- Born: 28 December 1934 Stone, Staffordshire
- Died: 17 August 1995 (aged 60) Paris, France

= David Warrilow =

English actor (1934–1995)

David Warrilow (28 December 1934 – 17 August 1995) was an English actor best known as one of the "finest interpreters of Samuel Beckett’s work".

==Life and career==
A shoemaker's son born in Stone, Staffordshire, Warrilow studied at the University of Reading under James Knowlson, Beckett’s biographer.
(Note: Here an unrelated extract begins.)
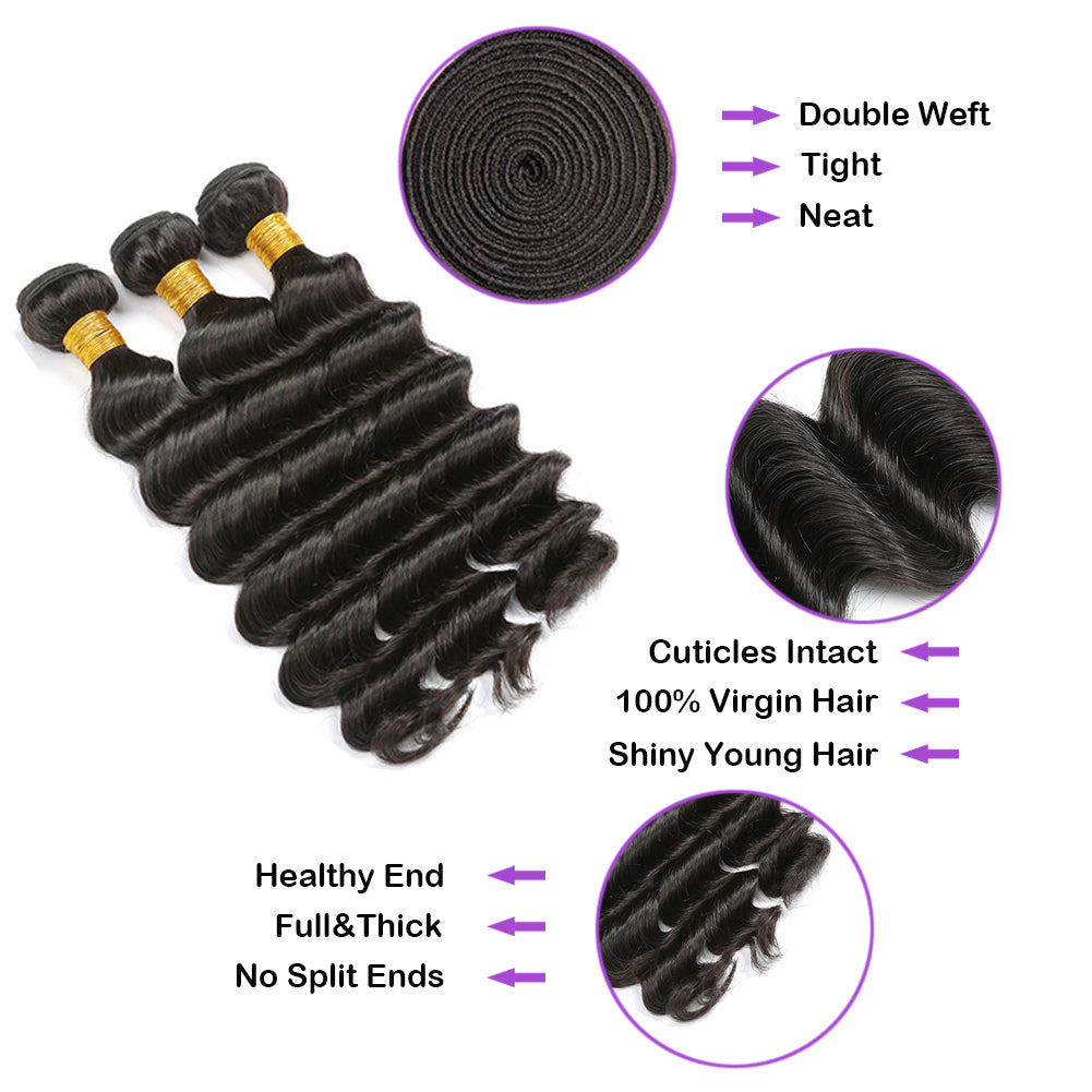 3 Bundle Deals Deep Wave Virgin Human Hair Natural Black

In 1967 in Paris, he joined Réalités, editing the magazine for eleven years. He co-founded the Mabou Mines theater group in 1970. Three years later, he starred in a theatrical adaptation of Beckett’s The Lost Ones, directed by Lee Breuer and Thom Cathcart. In 1984, he directed a cinematic adaptation of the novella.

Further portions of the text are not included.